Navy Modernisation : Navy Moving Towards Extended Range Deterrence

0
1360

The Defence Research and Development Organsiation (DRDO)  successfully test-fired the 3,500-km range submarine-launched ballistic missile (SLBM), K-4, on 18 January, from a submerged pontoon off the Visakhapatnam coast. The test met the desired parameters. A pontoon simulates the situation of a launch from a submarine.

What makes this test-firing of the K-4 missile more significant is the fact that a recent launch of the missile, conducted from a submerged platform in December 2017, had ended in a failure. The launch was not successful due to “a failure in the missile’s ignition following its ejection from the submerged pontoon.”

SLBMs are test-fired from submerged platforms not only to collect data to analyse its performance, but also to ensure safety.
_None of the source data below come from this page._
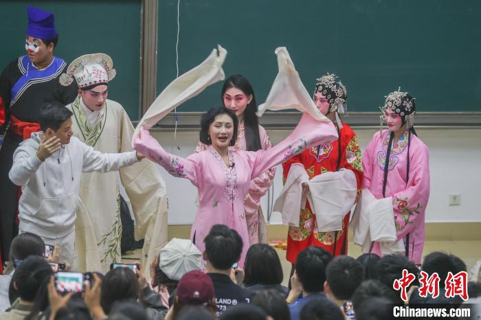 2024年3月,江西南昌,南昌大學贛劇藝術鑒賞課堂上,國家級非物質文化遺產代表性項目“贛劇”代表性傳承人陳俐正在給學生上課。(資料圖)劉力鑫 攝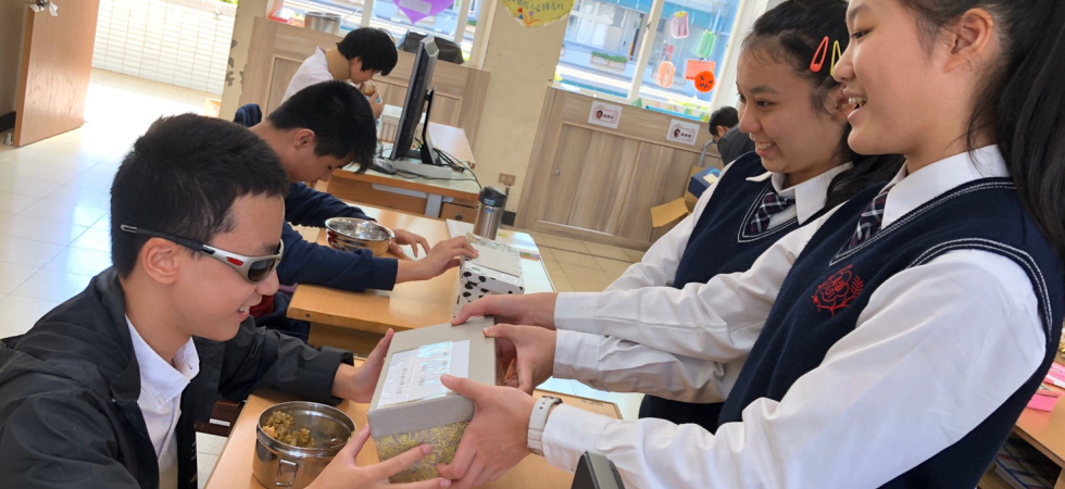 利他:在參訪啟明學校後,我們發現視障學生在學習上十分非常困難。翻譯成點字的書籍極為少數,即使有翻譯,那點字書又厚又重,也不方便攜帶。靜心的同學們起心動念,設計「為愛朗讀」計畫,協助啟明學校視障同學多多認識台灣文學家的作品。國小組同學朗讀黃春明老師的兒童繪本,將裡面五首作品的童趣一一展現;國中組同學朗讀郝廣才先生的「英雄」十篇,裡面每一篇都是發人深省的勵志小品。希望能藉此帶給啟明學校的同學更多鼓舞,點燃人生的希望。
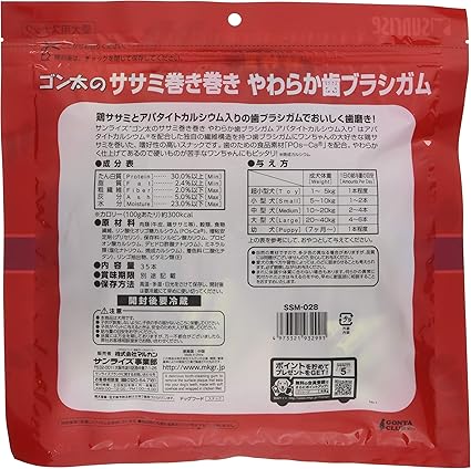 栄養成分:たん白質30.0%以上、脂質2.4%以上、粗繊維2.0%以下、灰分5.0%以下、水分23.0%以下
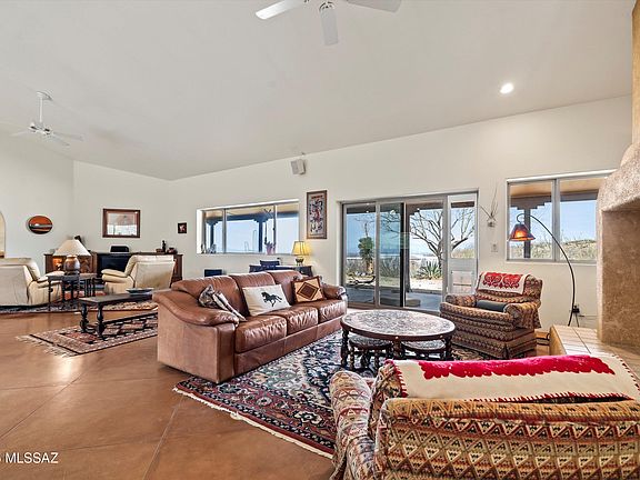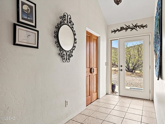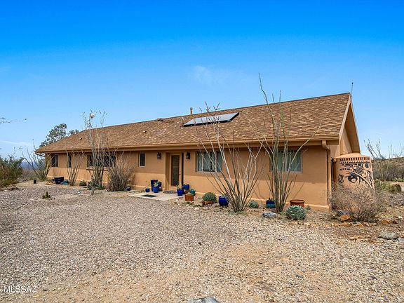 Spectacular views, wide open desert, city, sunrise and sunset views from this home perched at the foot of the Santa Rita mountains. Custom built home with open floor plan, large rooms, custom millwork and built-ins (made with natural pecan, cherry, mahogany, alder, cholla and other woods) make this a truly unique home. A lot of thought went into its orientation and construction. Built for major energy efficiency, metal framed stucco, thick walls created using ''Mikey Block'' (Styrofoam reinforced w/concrete and rebar), solar hot water heater circulates under floors to create an energy efficient space that's easy to heat and cool. The main house is 3 bed/ 2 bath, featuring a large great room, formal dining room, large kitchen and a combined pantry/ laundry room. Covered back patio runs the length of the house, with sunset view. Electronic "fence" with two dog collars for safe roaming. Uses the Sun to heat the house with radiant heat and water from the sky to go to 4 cisterns for watering plants.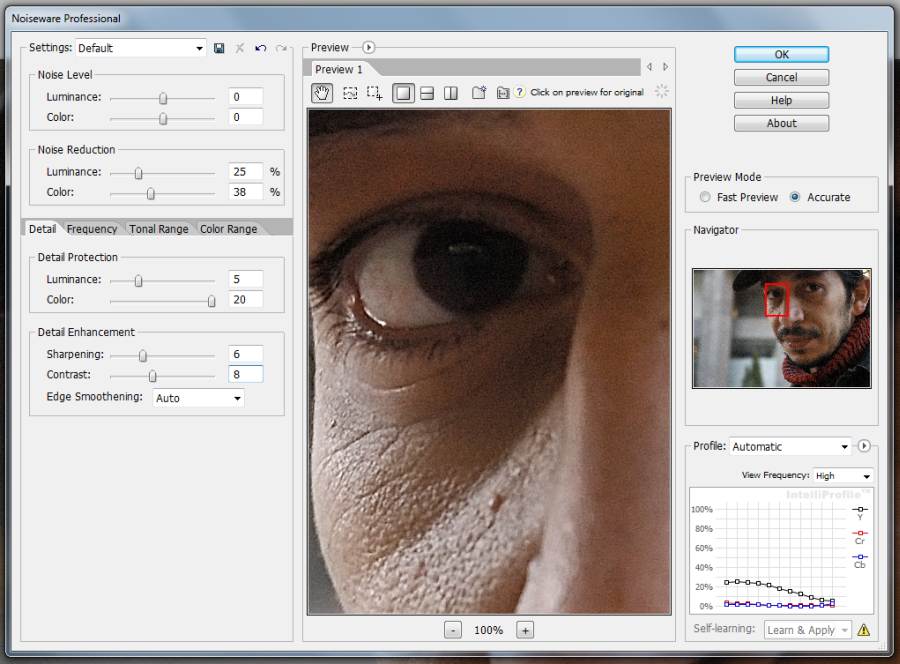 Как я уже писал выше, для каждого снимка понадобится выбирать разные значения. Сначала попробуйте указать такие же параметры, как у меня, затем двигать ползунки фильтра вправо-влево. Начните с «Радиуса», чтобы избавиться от пятен, затем «Порог», чтобы определить, сколько деталей нужно оставить на фото.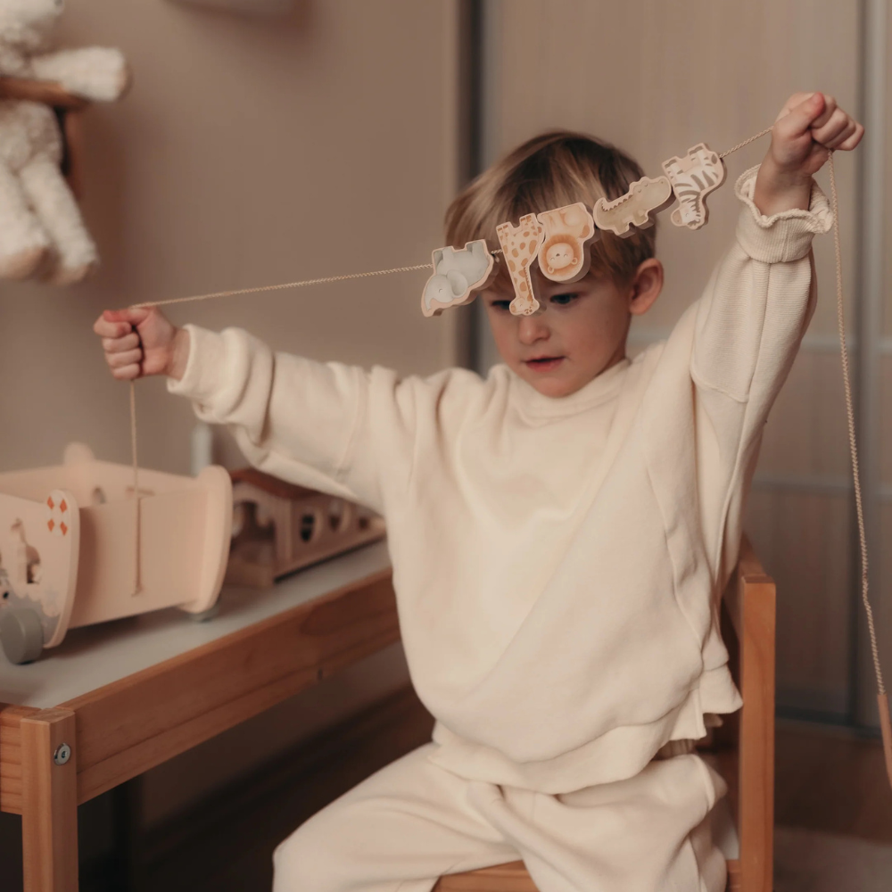 Sada obsahuje až 22 dílků: 14 zvířátek, duhu, žebříkovou rampu, loďku na kolečkách a provázek s dřevěnou špičkou na provlékání figurek.

A failed launch from an active ballistic missile submarine would cause massive damage to its hull.

Developmental testing of the missile, which has an estimated maximum range of 3,500 kilometers and can be fitted with a 2,000-kilogram sub-kiloton nuclear or conventional payload, began in 2010.

The K-4 was last successfully test fired in full  operational configuration from India’s first domestically developed and built nuclear-powered ballistic missile submarine (SSBN), the INS Arihant, in April 2016. Notably, the K-4 has been tested using depressed trajectories.

The INS Arihant, the first-of-class of a planned fleet of four to five SSBNs based on the Russian Project 971 Akula I-class nuclear-powered attack submarine (SSN), has been designed to carry up to four K4s or 12 K-15 (B-05) short-range ballistic missiles (SLBM).

With the K-4, INS Arihant and future SSBNs will be able to target parts of China, including Beijing, and all of Pakistan, from the northern parts of the Bay of Bengal. Not ideal, but better than the K-15.

K-15 Sagarika

Three K-15s were successfully launched from the Arihant in August 2018. The K-15 Sagarika is a solid-fueled two-stage SLBM capable of carrying a single warhead and has a reported maximum range of 700 to 750 kilometers. It has been under development by India’s DRDO since the 1990s. Another test firing  of a K-15 SLBM from the INS Arihant took place in November 2015.

INS Arihant, the first and only operational SSBN, is armed with K-15 Sagarika missiles with a range of 750 km. It has a displacement of 6,000 tonnes and is powered by an 83 MW pressurised light-water reactor with enriched uranium. The K-4 will do away with the need to venture far way from the Indian waters and move closer to the adversary’s coast to launch the missile.

There are very few countries which have managed to achieve this technological breakthrough. The Circular Error Probability (CEP) was much more sophisticated than Chinese missiles. The CEP determines the accuracy of a missile. The lower the CEP, the more accurate the missile is. The missile has been tested several times earlier as part of developmental trials to validate different parameters.

Once inducted, these missiles will be the mainstay of the Arihant class of indigenous ballistic missile nuclear submarines (SSBN) and will give India the stand-off capability to launch nuclear weapons submerged in Indian waters.

Nuclear Triad

In November 2019, India formally declared its nuclear triad stated in its nuclear doctrine operational after INS Arihant completed its first deterrence patrol, which means Arihant has begun prowling the deep seas carrying ballistic missiles equipped with nuclear warheads. It was quietly commissioned into service in August 2016 and its induction was not officially acknowledged.

Given the  Arihant’s primary role as a technology demonstrator, it will likely take the Indian Navy at least until 2021-when the second Arihant-class SSBN the future INS Arighant (originally assumed to be named Aridhaman) is set to enter service – to achieve an operational long-range nuclear strike capability.

Towards Credible Deterrence

For a credible at-sea deterrence, a country’s SSBNs must be capable of, among other things, targeting population and industrial centres of the adversary. In India’s case, this means that the Indian Navy’s SSBNs must be capable of holding at risk cities not only in Pakistan but also in the Chinese mainland.

Cities in the Chinese mainland would remain outside the range of the missile even if the boat was at the north-eastern edge of the Bay of Bengal. Therefore, in the event of a crisis with Beijing, New Delhi would not have the option of threatening a nuclear attack on a target of consequence in China. (Theoretically, the SSBN can reach closer to China to make up for the short-range of the missile, but it will be at an increased risk of detection or worse – an attack).

Therefore, India may have operationalised its triad, but the naval leg or the at-sea deterrent is not credible given the limited range of the missile it uses.

The DRDO, reports say, is already working on 5,000-km range K-5 and 6,000-km range K-6 SLBMs.